THE PROBLEM
Your task is to copy the listing exactly, with the pictures left out.

STORED DATA
- Opening Delimiter -

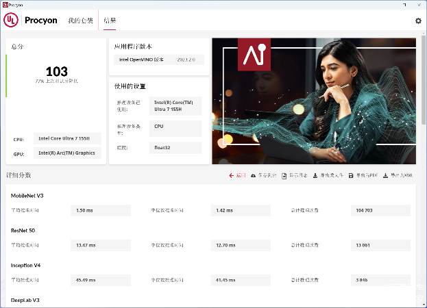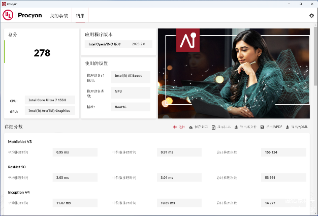 最后是NPU的性能测试。使用UL Procyon对NPU进行测试,使用IntelOpenVINO,最终在精度为float32下的成绩为268、在精度为float16下的成绩为278。这个成绩相当给力,对比CPU进行同样测试,两个精度下的成绩分别为103和104。NPU相比CPU的AI性能已经是翻倍还要高。
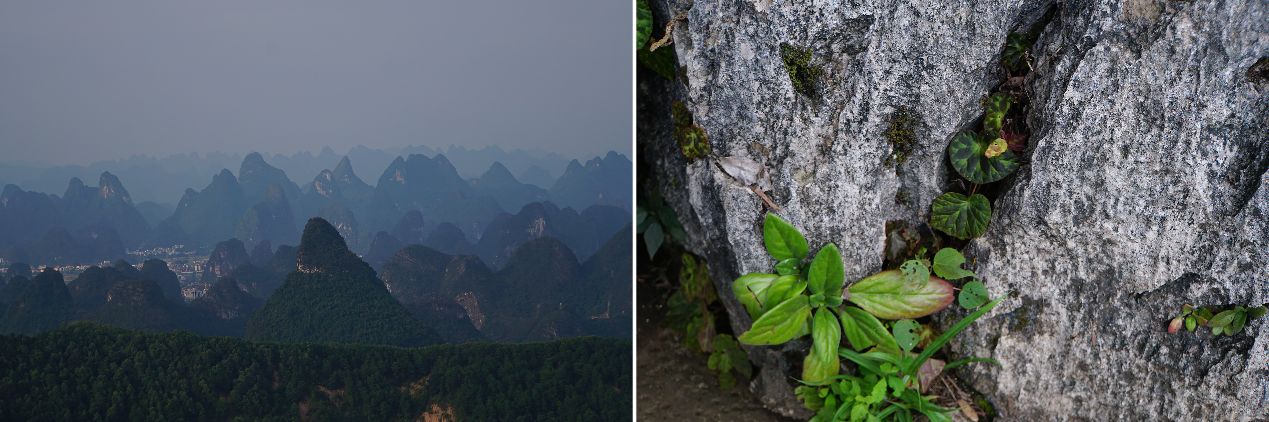 广西桂林喀斯特地貌和喀斯特地貌生境中生长的苦苣苔科和秋海棠科植物
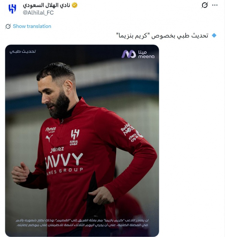 利雅得新月官方:本泽马感到内收肌疼痛,他将在周二接受检查
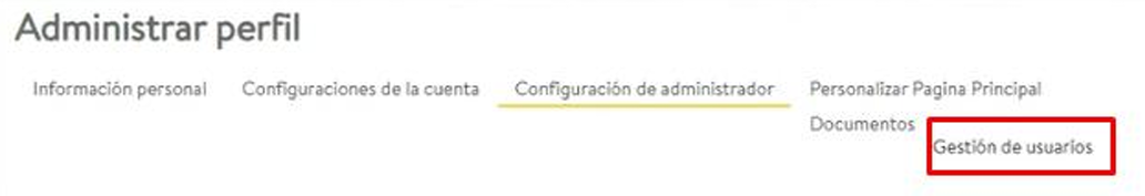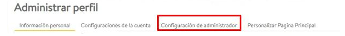 - Dentro de "Administrar perfil", selecciona la pestaña Configuración de administrador.

- Closing Delimiter -

TASK OUTPUT
 最后是NPU的性能测试。使用UL Procyon对NPU进行测试,使用IntelOpenVINO,最终在精度为float32下的成绩为268、在精度为float16下的成绩为278。这个成绩相当给力,对比CPU进行同样测试,两个精度下的成绩分别为103和104。NPU相比CPU的AI性能已经是翻倍还要高。
 广西桂林喀斯特地貌和喀斯特地貌生境中生长的苦苣苔科和秋海棠科植物
 利雅得新月官方:本泽马感到内收肌疼痛,他将在周二接受检查
 - Dentro de "Administrar perfil", selecciona la pestaña Configuración de administrador.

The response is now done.